Spesso accade che ci si rechi all’estero per raggiungere livelli più alti di specializzazione e a questo segue, nella maggior parte dei casi, un’offerta di lavoro nel paese straniero con conseguente abbandono definitivo dell’Italia.

Ma la condizione dell’italiano all’estero e peculiare. In generale, l’espatrio vissuto dai nostri conterranei non è semplice sinonimo di curiosità e voglia di viaggiare, come lo è per la stragrande maggioranza dei giovani che dall’Europa occidentale oggi investono le capitali del Vecchio Continente per studiare e lavorare grazie alle nuove, favorevoli condizioni della mobilità made in EU. Spesso, invece, il giovane italiano che decide di partire, lo fa per necessità, per delusione, per dire – No – a un sistema clientelare e gerontocratico.

Ma l’Italia cosa fa per invogliarci a rimanere nel nostro paese? Il Parlamento, nei giorni tumultuosi della riforma Gelmini, ha cercato di lanciare un segnale ai cervelli in fuga con una legge tutta per loro. Si tratta di incentivi fiscali per il rientro dei lavoratori in Italia.

Tutti gli under 40, cittadini Ue, laureati e con almeno due anni di residenza nel nostro Paese e andati fuori dall’Italia per lavoro o studio avranno uno sconto sulle tasse.

Lo stabilisce un provvedimento bipartisan approvato in via definitiva dal Senato, la condizione per usufruire degli aiuti economici sarà avviare un’attività di impresa o di lavoro autonomo, oppure essere assunti.

I benefici decadranno se il lavoratore non resterà in Italia almeno cinque anni. In questo caso, lo Stato provvederà al recupero dei benefici già fruiti, con applicazione delle relative sanzioni ed interessi.

Ma queste sono cose già sentite.

Guardiamo che succede a chi resta.

Molti dei giovani che in Italia hanno accesso alle professioni, devono dire grazie a qualcuno per tutta la vita, come accadeva nell’antica Roma ai “liberti”, schiavi affrancati ma pur sempre schiavi.

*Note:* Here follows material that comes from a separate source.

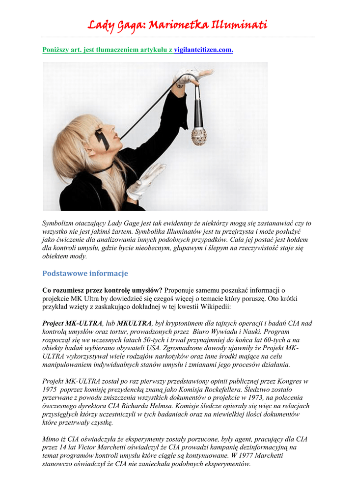 Lady Gaga: Marionetka Illuminati Poniższy art. jest tłumaczeniem artykułu z vigilantcitizen.com. Symbolizm otaczający Lady Gage jest tak ewidentny że niektórzy mogą się zastanawiać czy to wszystko nie jest jakimś żartem. Symbolika Illuminatów jest tu przejrzysta i może posłużyć jako ćwiczenie dla analizowania innych podobnych przypadków. Cała jej postać jest hołdem dla kontroli umysłu, gdzie bycie nieobecnym, głupawym i ślepym na rzeczywistość staje się obiektem mody. Podstawowe informacje Co rozumiesz przez kontrolę umysłów? Proponuje samemu poszukać informacji o projekcie MK Ultra by dowiedzieć się czegoś więcej o temacie który poruszę. Oto krótki przykład wzięty z zaskakująco dokładnej w tej kwestii Wikipedii: Project MK-ULTRA, lub MKULTRA, był kryptonimem dla tajnych operacji i badań CIA nad kontrolą umysłów oraz tortur, prowadzonych przez Biuro Wywiadu i Nauki. Program rozpoczął się we wczesnych latach 50-tych i trwał przynajmniej do końca lat 60-tych a na obiekty badań wybierano obywateli USA. Zgromadzone dowody ujawniły że Projekt MKULTRA wykorzystywał wiele rodzajów narkotyków oraz inne środki mające na celu manipulowaniem indywidualnych stanów umysłu i zmianami jego procesów działania. Projekt MK-ULTRA został po raz pierwszy przedstawiony opinii publicznej przez Kongres w 1975 poprzez komisję prezydencką znaną jako Komisja Rockefellera. Śledztwo zostało przerwane z powodu zniszczenia wszystkich dokumentów o projekcie w 1973, na polecenia ówczesnego dyrektora CIA Richarda Helmsa. Komisje śledcze opierały się więc na relacjach przysięgłych którzy uczestniczyli w tych badaniach oraz na niewielkiej ilości dokumentów które przetrwały czystkę. Mimo iż CIA oświadczyła że eksperymenty zostały porzucone, były agent, pracujący dla CIA przez 14 lat Victor Marchetti oświadczył że CIA prowadzi kampanię dezinformacyjną na temat programów kontroli umysłu które ciągle są kontynuowane. W 1977 Marchetti stanowczo oświadczył że CIA nie zaniechała podobnych eksperymentów. Kontynuacja tego programu nazywana jest nieoficjalnie Projektem Monarch. Jest to technika kontroli która wystawia obiekt na traumę tak bolesną i gwałtowną że jego umysł doznaje swoistego oddzielenia od rzeczywistości. Tak spreparowana psychika otrzymuje nową osobowość, która zostaje następnie nagięta i wyuczona nowych cech przez kontrolerów. Kiedy osoba poddawana jest elektrowstrząsom, odnotowuje się u niej poczucie lekkości głowy; jest to uczucie jakby unoszenia się, latania niczym motyl. Jest tu również element symboliczny, odwołujący się do transformacji i metamorfozy. Od brzydkiej gąsienicy poprzez kokon (nieaktywność, apatia) aż do pięknego motyla, końcowego tworu całego procesu. Podczas procesu reedukacji osoby takie są wystawiane na liczne symbole takie jak: drzewa, pajęczyny, maski, motyle itd. Są im także pokazywane filmy które mają zaimplementować im odpowiednie symbole (triggery), takie jak Czarodziej z Oz czy filmy Disneya. Ten sam proces który dokonuje się podczas prania mózgu i reedukacji, jest stosowany na szeroką skalę przez mass media. Zaczyna się od dzieciństwa i bajek Disneya a kończy na filmach Hollywood i teledyskach muzycznych. OMG! Co te pokręcone historię mają wspólnego z Lady Gagą? Ja ją lofciam!!! Trzeba zaznaczyć że symbolika tych praktyk przeniknęła do mass mediów. Monarcha jest rodzajem motyla i stał się ultymatywnym symbolem praktyk manipulacji i kontroli umysłu. Symbolika wokół Lady Gagi łączy te elementy z okultyzmem oraz tajnymi stowarzyszeniami. Jej sztuczna i lekko zdegenerowana persona zawiera wszystkie cechy ofiar prania mózgu. Zobaczmy co Gaga sobą reprezentuje, zacznijmy od jej imienia. Jej imię Gaga jest w języku angielskim odwołaniem do nieobecności umysłem. (Poniższe cytaty ze słownika pozwoliłem sobie nie tłumaczyć, gdyż jest tam wiele terminów specyficznych dla angielskiego): Afflicted with or exhibiting irrationality and mental unsoundness: brainsick, crazy, daft, demented, disordered, distraught, dotty, insane, lunatic, mad, maniac, mani Given to lighthearted silliness: empty-headed, featherbrained, flighty, frivolous, frothy, giddy, harebrained, lighthearted, scatterbrained, silly. Slang birdbrained, dizzy. acal, mentally ill, moonstruck, off, touched, unbalanced, unsound, wrong. “Gaga” jest prawdopodobnie najłatwiejszym słowem jakie można wypowiedzieć w angielskim. Często jest wymawiane przez dzieci uczące się mówić. Tak więc jej imię mówi nam: jestem kobietą i mam pustą głowę. Tą głowę można wypełnić każdym śmieciem jaki tylko wymyślisz. Bierzcie ze mnie wzór młodzieży. Ten stan umysłu jest osiągany po pomyślnym procesie prania mózgu. Mówi się że jej imię jest też zainspirowane utworem Queen “Radio Gaga”. Klip tego kawałka zawiera sceny z filmu Metropolis (1927). Tak jak opisywałem to w moim artykule o Sasha Fierce/Beyonce, film ten opowiada historię kobiety z klasy robotniczej która wybrana została przez Elitę rządzącą metropolią do przekazania swego życia dla robota, poprzez proces będący mieszaniną nauki z czarną magią. Scena z Metropolis – Maria daję swoją osobowośc dla robota. Czy to metafora kontroli umysłu? Zwróccie uwagę na symbolikę okultystyczną: odwrócony pentagram. Robot ten staje się seksownym i zwodniczym obiektem który ma na celu zepsuć i zwieśc klasę robotniczą. Symbolika tego filmu wydaje się bardzo ważna dla okultystycznych elit. Madonna, Beyonce, Kylie Minogue i wiele innych przejęło sposób poruszania się tego jednego właśnie robota i jak widzicie w teledysku „Paparazzi”, Gaga kontynuuje tą tradycję. Jej Logo Jej logo mówi bardzo dużo. Jest to bezgłowy kobiecy korpus z piorunem przechodzącym wzdłuż ciała i wychodzącym przez genitalia. Po raz kolejny mamy obraz braku świadomości w wi

Certo, in Italia c’è chi lavora senza essere parente, amante o “protetto di”, ma questa è un’eccezione, la regola è diventata la raccomandazione.

Non crediamo più in noi, al punto che siamo abituati a pensare sia normale guadagnare stipendi da fame. Poi mettiamo la testa fuori, in Europa, nel mondo, e vediamo che ci sono posti dove non funziona così.

Il sistema di potere che ci sta davanti è strutturato e difficilmente permeabile. Per camminare sulle nostre gambe dobbiamo unire le forze.

I problemi dell’università e della ricerca italiana non sembrano risolvibili esclusivamente con una riforma, sembra piuttosto necessario un mutamento profondo della cultura e della società italiana, che però sembra decisamente di là da venire.